We’re working on the next release of Cloudless Atlas, processing thousands upon thousands of huge Landsat scenes. Many techniques carry over smoothly from our cloudless MODIS project, but the number of pixels is on another level entirely – on the order of 20 trillion. We’re planning for a cluster of 400 servers just to manage the petabytes of data downloads. The main pipeline, though: that will be a cloud unto itself, with just over 1000 high-end machines, each applying our tuned processing kernels to millions of pixels per second. It’s been fun crunching the numbers to get this set up, but the best part is seeing the beautiful images we can produce:
Here’s the famously lovely city of Vancouver, Canada.

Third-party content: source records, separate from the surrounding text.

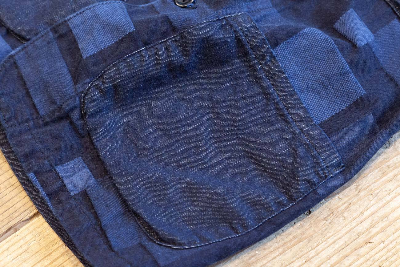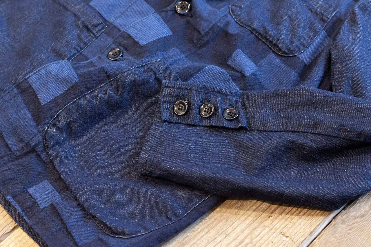 テーラードカラーのカバーオールです。オリジナルパッチワーク風デニムと8.5オンスのきりかえし。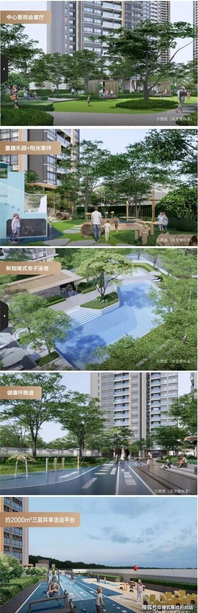 约4.2万㎡都市全龄乐活园林,涵盖童趣乐园、屋顶活动平台、亲子泳池、环氧跑道等功能区,构建全龄社交生活主场。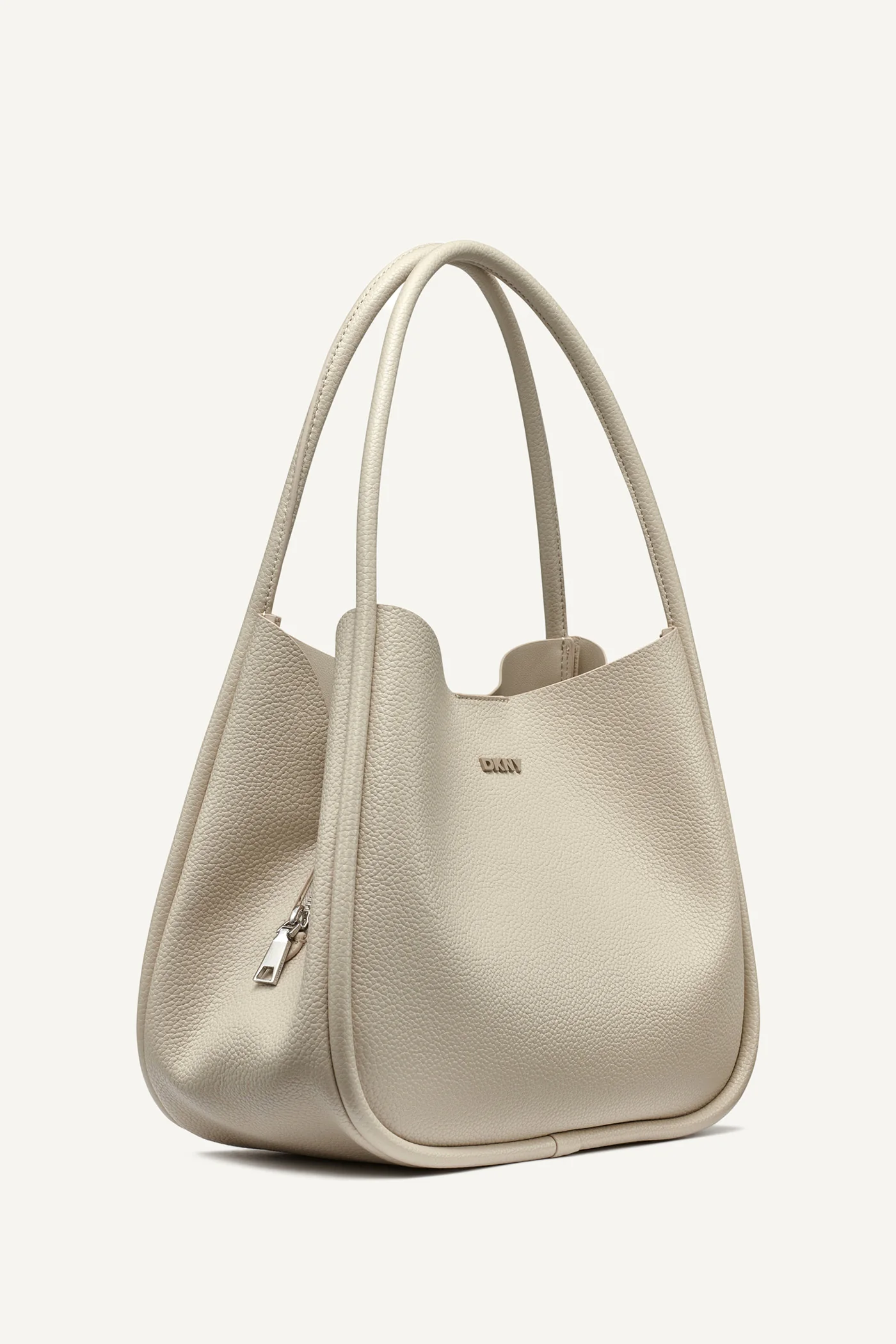 Effortlessly chic and versatile, the DKNY Capri Hobo Handbag is the perfect blend of style and functionality. Perfect for any occasion, its compact design features premium craftsmanship, spacious interior, and sleek details, ensuring a chic and sophisticated addition to your wardrobe.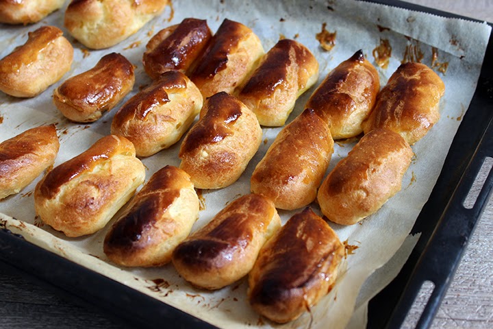 - Enfournez le tout pendant 20min. En fin de cuisson, laissez poser 10min, four éteint, pour que les éclairs ne dégonflent pas.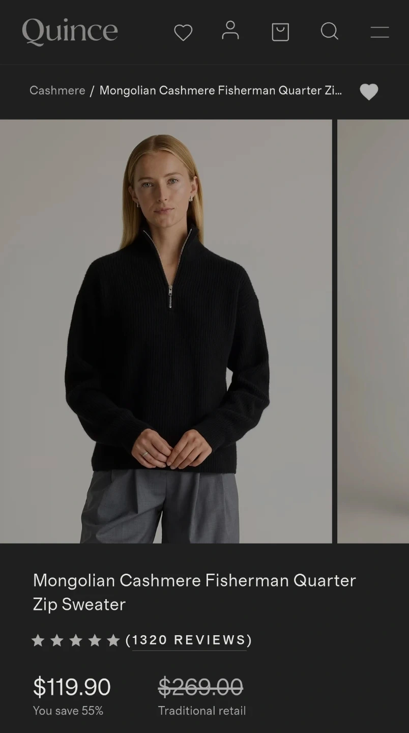 Quince Mongolian Cashmere Fisherman Quarter Zip Sweater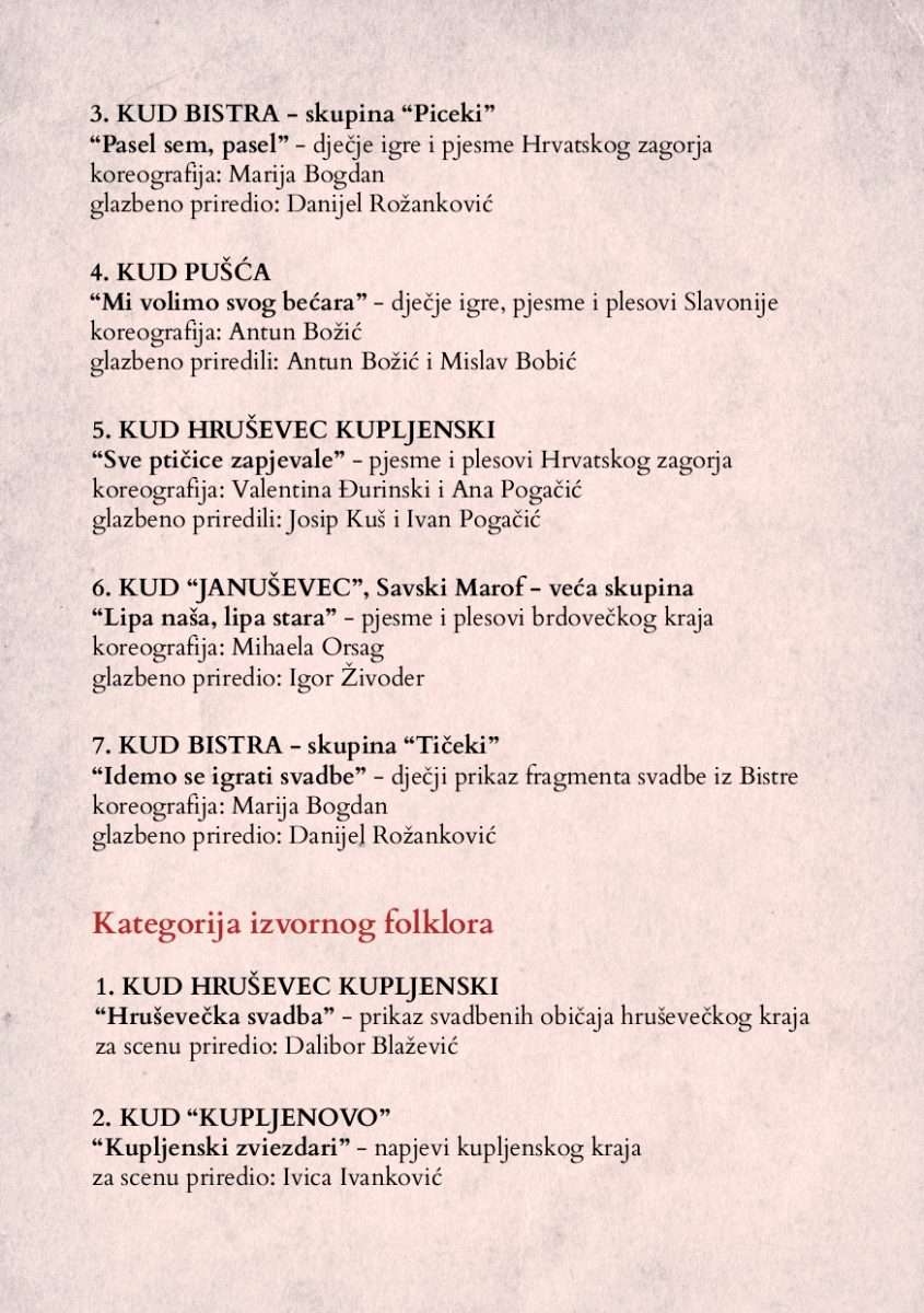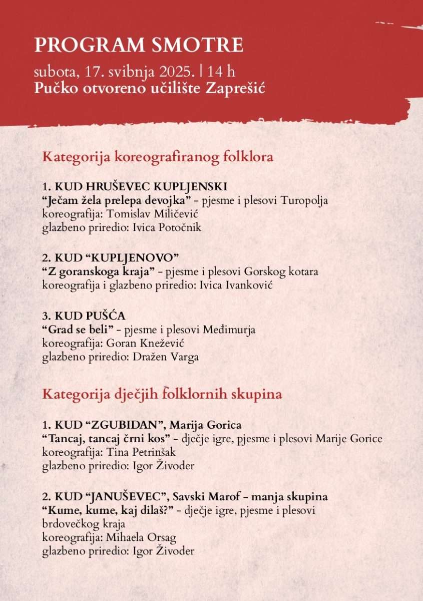 Program obuhvaća tri kategorije: dječje folklorne skupine, koreografirani folklor i izvorni folklor, a svi sudionici prezentirat će svoju jedinstvenu interpretaciju narodnog stvaralaštva. Cilj ove manifestacije je njegovanje i očuvanje bogate tradicijske kulture zaprešićkog kraja, kao i poticanje međugeneracijskog povezivanja kroz zajednički izričaj folklora. Program će pratiti stručno povjerenstvo u sastavu: Goran Ivan Matoš, Petar Varga i Tina Miličević, koje će odabrati najbolja društva za sudjelovanje na daljnjim smotrama na regionalnoj i državnoj razini.

It’s built on the delta of the Fraser river, which carries pale sand produced by the scouring of glaciers far inland. Just north of the city are the mountains that hosted the 2010 Winter Olympics; to the south are fertile valleys and the border with Washington State. (In fact, the peninsula in the lower left is the American town of Point Roberts, cut off from the US mainland.)
I’ve been looking at a lot of images like this one lately, adjusting various parameters. They’re the very first sample swatches for the cloudless Landsat project – areas carefully chosen to be tricky because of seasonal vegetation, mountains, clouds (having grown up just outside this image’s frame, I can assure you there are plenty of clouds here), different kinds of water, agriculture, and so on. Making basemaps is an exercise in balance.